No, it's not you. We have to be somewhat proactive in our treatment, so it's good to be careful. And yeah, sometimes that can seem a bit more paranoid than maybe was called for... but as they say, just because you're paranoid doesn't mean there isn't somebody out to get you! -- That is, just because things are OK in this case doesn't mean everything is being done perfectly so that you shouldn't ever be concerned. Everyone is human, so you just know there's going to be some margin of error or uncertainty... but most all of those are probably not anything dire.
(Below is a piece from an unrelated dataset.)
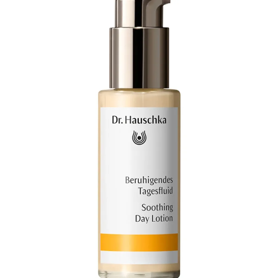 Das Dr. Hauschka Beruhigende Tagesfluid besänftigt empfindliche, gerötete Haut. Auch Haut, die zu erweiterten Äderchen (Couperose) neigt, wirkt weniger irritiert. Die zart fließende Textur schenkt der Haut langanhaltenden Schutz über den ganzen Tag. Die Komposition mit hochwertigen pflanzlichen Auszügen und Ölen regt die natürliche Fett- und Feuchtigkeitsbildung an und reduziert Spannungsgefühle. Wertvolle Auszüge aus Rose, Borretsch und Frauenmantel stärken die Haut und sorgen für ein ebenmäßiges Hautbild.

When I was in the hospital during chemo (for dehydration), one of the nurses accidentally stuck a thermometer in my mouth without the plastic cover. I hated to mention it--it was in the middle of the night and dark and I'm sure things like that happen... but all night I wondered how clean they kept those things, and if I was going to catch some horrible disease, so I mentioned it to my MO when he came in and he said to tell the nurse in charge, so I did, and they called the poor person into the room (and she denied it). *sigh* Well, I don't think I've caught some horrible disease, I didn't get sick anyway, but it makes you wonder how often germs get accidentally transferred around through little mistakes... but maybe it's no big deal? I don't know...

anyway--Glad you are feeling better about the techs! It makes dealing with all this a bit easier!

Well I had my very first major meltdown today. 4 radiation treatments and I don't want to go back. ( it's not them its me). My aunt has been on my last nerve, she drives me everywhere ( legally blind and don't drive ). I tried to express to her how she has been shooting me down on everything I say. She went ballistic. Told me I don't have cancer ( true since they took it out) and radiation was just a precaution and not a big deal ( she chose not to have it with her BC ) and that she is sick of me being all mopey. ( which is not true I have worked very hard at staying positive and in the now). Ugh I am feeling so overwhelmed. I have other issues going on besides BC. I have several autoimmune disorders and am being diagnosed with second eye disease that been untreated for it looks like quite some time. Tired irritable and disconent.